*Exercise prompt*.
Could you return all of the entries word for word, minus any pictures?

(Items listed in a dataset)
──────────
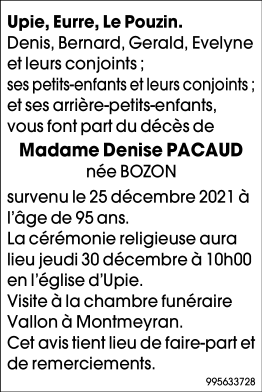 Décédée à Crest (26400) le samedi 25 décembre 2021 à l'âge de 95 ans
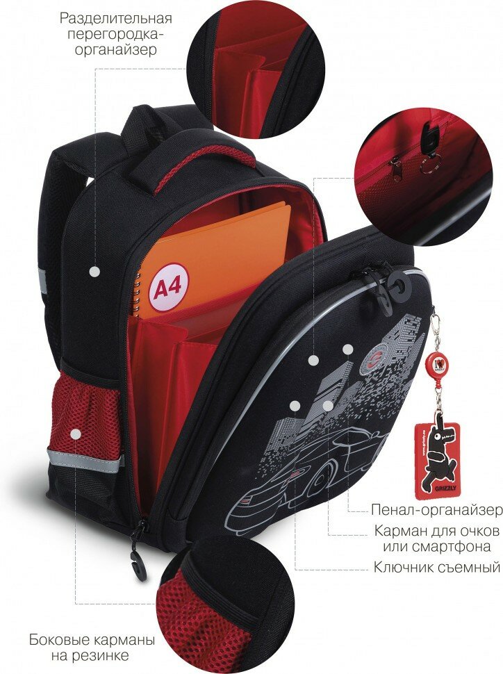 Ранец GRIZZLY анатомическая спинка, c бейджем, для мальчиков, NIGHT RACE, 36х28х20 см, RAz-287-8/1
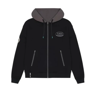 The Kimoa Patch Racing Jacket in black is the perfect choice for those looking for style and functionality in a garment. With a contrasting hood in grey, this jacket combines modern design with comfort. Kimoa Racing's embroidered oval patch on the left chest adds a distinctive touch, making this jacket a key piece in any motorsport lover's wardrobe. Ideal for everyday wear, this jacket suits different styles. The jacket includes a practical kangaroo pocket divided by a zip that extends to the collar, offering security for your personal items. This feature makes it a versatile men's zip sweatshirt, ideal for outdoor activities or for a casual look. In addition, drawstring stoppers with contrasting light blue logo add a stylish detail that won't go unnoticed. With this jacket, every detail has been thought to improve your wearing experience. The design also includes a round embroidered Kimoa Factory Team Racing patch on the right sleeve, showing a helmet drawing and the number 14, reflecting Kimoa's passion for racing. This men's hoodie is not only a functional garment, but also makes a style statement for racing and fashion fans. Every element of this jacket is designed to stand out and make you feel part of a vibrant and passionate community. Made with 60% organic cotton and 40% recycled polyester, this Kimoa jacket is a sustainable and environmentally friendly choice. Its composition ensures exceptional softness, ensuring that every use is comfortable and enjoyable. The black felt label with the "Kimoa recycled product" logo in off-white reaffirms the brand's commitment to sustainability and responsible fashion, making it an ideal choice for those who value quality. To keep the jacket in perfect condition, a machine wash at 30 degrees Celsius is recommended, avoiding the use of bleach. In addition, it is recommended to iron at low temperature and do not tumble dry or dry clean. By following these simple care instructions, you can enjoy this women's hoodie for a long time, making it an essential garment. The Kimoa Patch Racing Jacket is a symbol of style, functionality and commitment to sustainability.
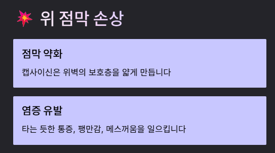 캡사이신은 위벽의 점막 보호층을 얇게 만들고 염증 반응을 일으킬 수 있습니다.
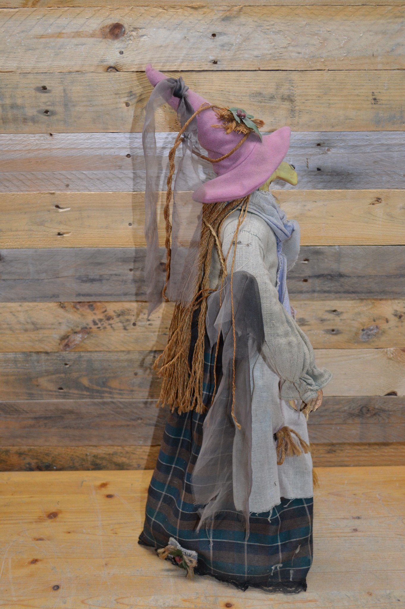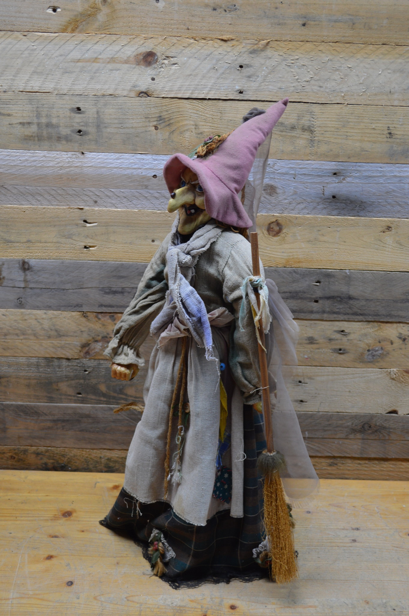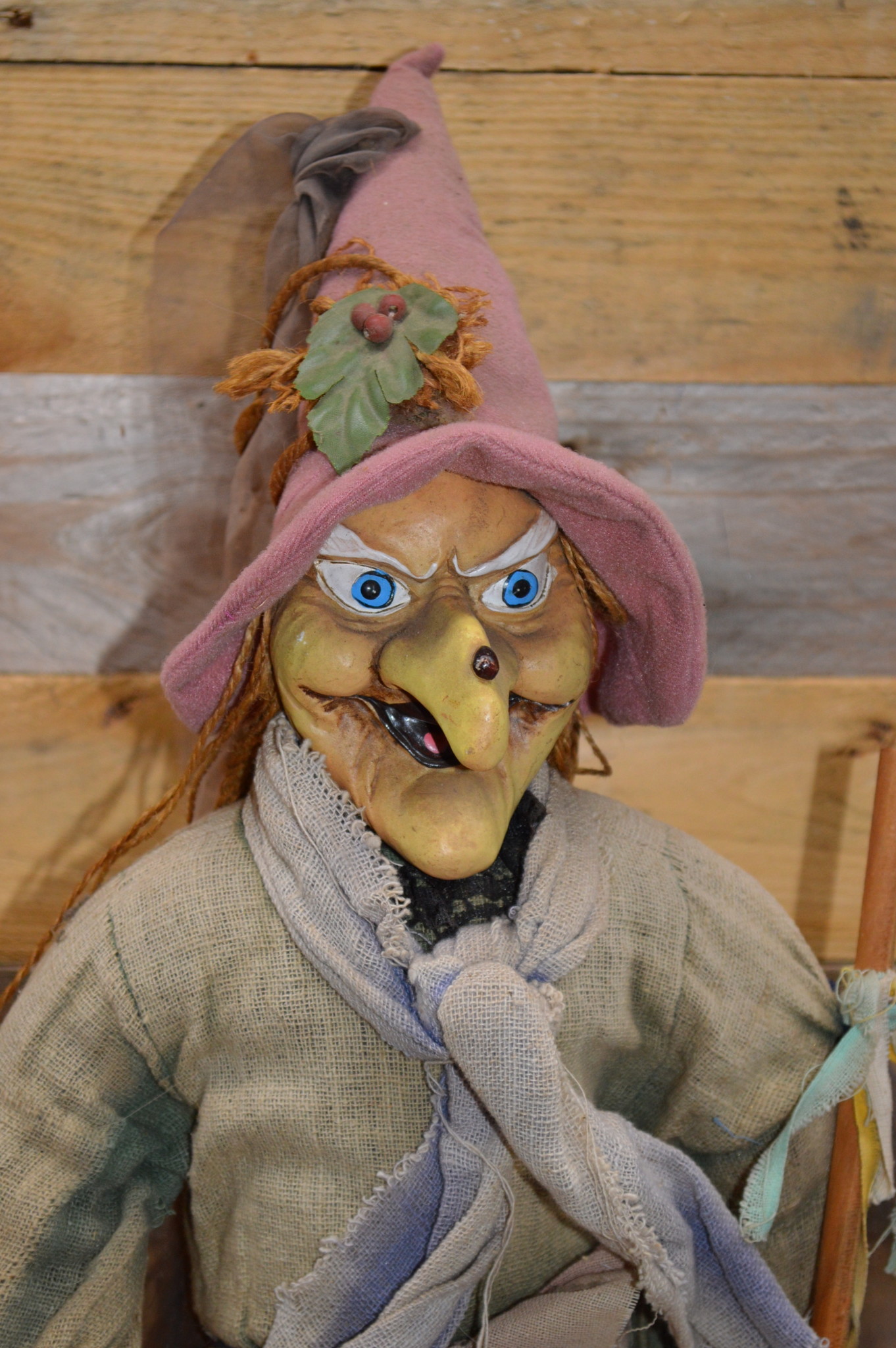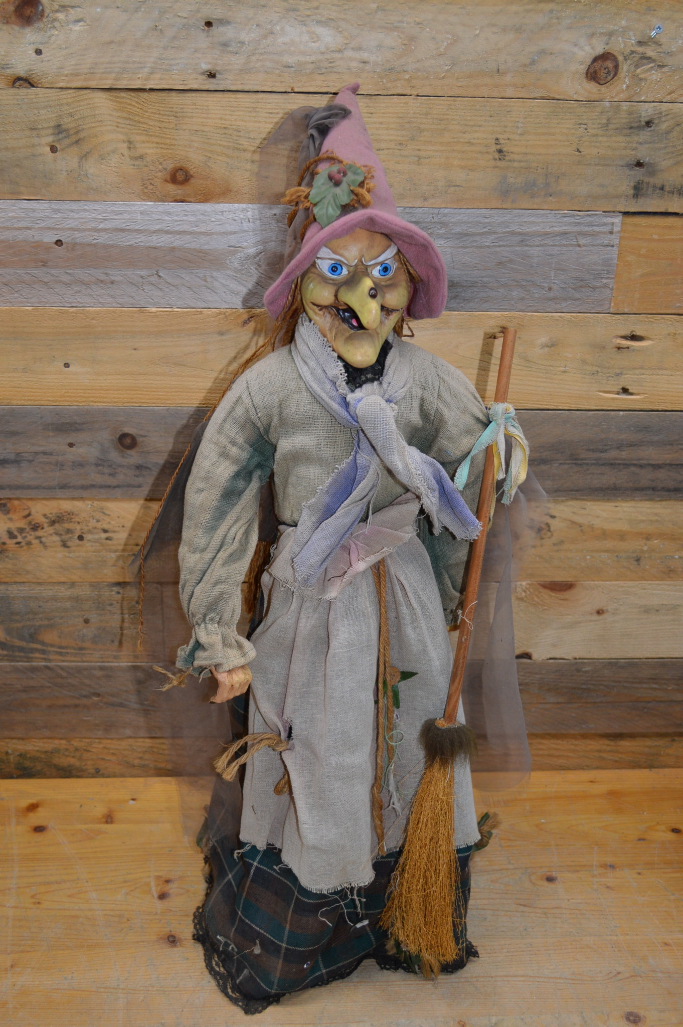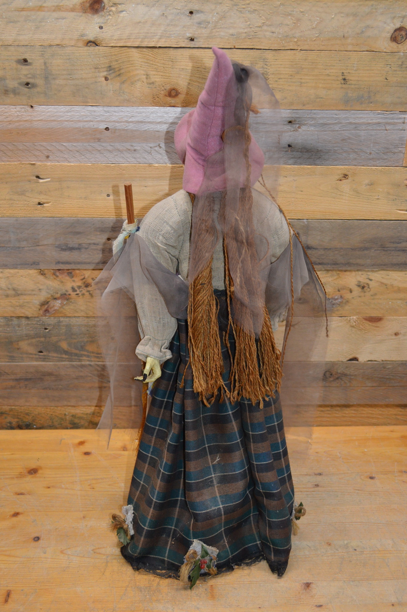 Grote heksenpop met oude kleding en bezem. Deze heks is voorzien van een grote heksenhoed en jurk en is erg leuk als ouderwetse decoratie, bijvoorbeeld naast een kast of als ludiek cadeau aan uw schoonmoeder, maar kan ook goed op de grond bij een deur staan.
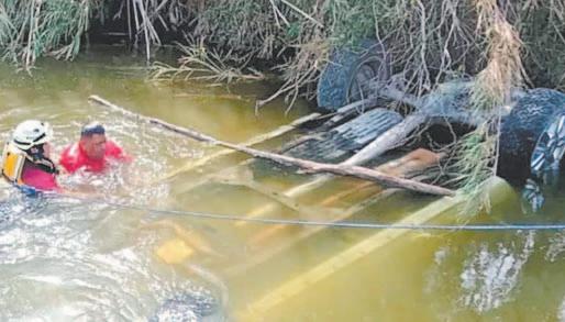 A través de un reporte anónimo al 911, se alertó a cuerpos de auxilio sobre la presencia de un vehículo volcado dentro del canal de riego.
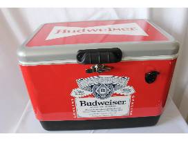 Just in time for the spring and summer outdoor activities and events, this 54 QT retro Budweiser logo steel belted chest Coleman cooler from H.W. Herrell Distributing Co. even has the classic Budweiser Bowtie logo on the lid and bottle opener on the front.
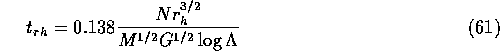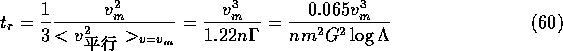 さて、通常「2体緩和のタイムスケール」という時には何を指してい るかというと、この等分配のタイムスケールのことではないのが普通である。 が、時と場合によっていろんなものが出てくるが、まあ同じようなものである。 普通に使われるのは、
──────────
*Response below*.
 Décédée à Crest (26400) le samedi 25 décembre 2021 à l'âge de 95 ans
 Ранец GRIZZLY анатомическая спинка, c бейджем, для мальчиков, NIGHT RACE, 36х28х20 см, RAz-287-8/1
 The Kimoa Patch Racing Jacket in black is the perfect choice for those looking for style and functionality in a garment. With a contrasting hood in grey, this jacket combines modern design with comfort. Kimoa Racing's embroidered oval patch on the left chest adds a distinctive touch, making this jacket a key piece in any motorsport lover's wardrobe. Ideal for everyday wear, this jacket suits different styles. The jacket includes a practical kangaroo pocket divided by a zip that extends to the collar, offering security for your personal items. This feature makes it a versatile men's zip sweatshirt, ideal for outdoor activities or for a casual look. In addition, drawstring stoppers with contrasting light blue logo add a stylish detail that won't go unnoticed. With this jacket, every detail has been thought to improve your wearing experience. The design also includes a round embroidered Kimoa Factory Team Racing patch on the right sleeve, showing a helmet drawing and the number 14, reflecting Kimoa's passion for racing. This men's hoodie is not only a functional garment, but also makes a style statement for racing and fashion fans. Every element of this jacket is designed to stand out and make you feel part of a vibrant and passionate community. Made with 60% organic cotton and 40% recycled polyester, this Kimoa jacket is a sustainable and environmentally friendly choice. Its composition ensures exceptional softness, ensuring that every use is comfortable and enjoyable. The black felt label with the "Kimoa recycled product" logo in off-white reaffirms the brand's commitment to sustainability and responsible fashion, making it an ideal choice for those who value quality. To keep the jacket in perfect condition, a machine wash at 30 degrees Celsius is recommended, avoiding the use of bleach. In addition, it is recommended to iron at low temperature and do not tumble dry or dry clean. By following these simple care instructions, you can enjoy this women's hoodie for a long time, making it an essential garment. The Kimoa Patch Racing Jacket is a symbol of style, functionality and commitment to sustainability.
 캡사이신은 위벽의 점막 보호층을 얇게 만들고 염증 반응을 일으킬 수 있습니다.
 Grote heksenpop met oude kleding en bezem. Deze heks is voorzien van een grote heksenhoed en jurk en is erg leuk als ouderwetse decoratie, bijvoorbeeld naast een kast of als ludiek cadeau aan uw schoonmoeder, maar kan ook goed op de grond bij een deur staan.
 A través de un reporte anónimo al 911, se alertó a cuerpos de auxilio sobre la presencia de un vehículo volcado dentro del canal de riego.
 Just in time for the spring and summer outdoor activities and events, this 54 QT retro Budweiser logo steel belted chest Coleman cooler from H.W. Herrell Distributing Co. even has the classic Budweiser Bowtie logo on the lid and bottle opener on the front.
 さて、通常「2体緩和のタイムスケール」という時には何を指してい るかというと、この等分配のタイムスケールのことではないのが普通である。 が、時と場合によっていろんなものが出てくるが、まあ同じようなものである。 普通に使われるのは、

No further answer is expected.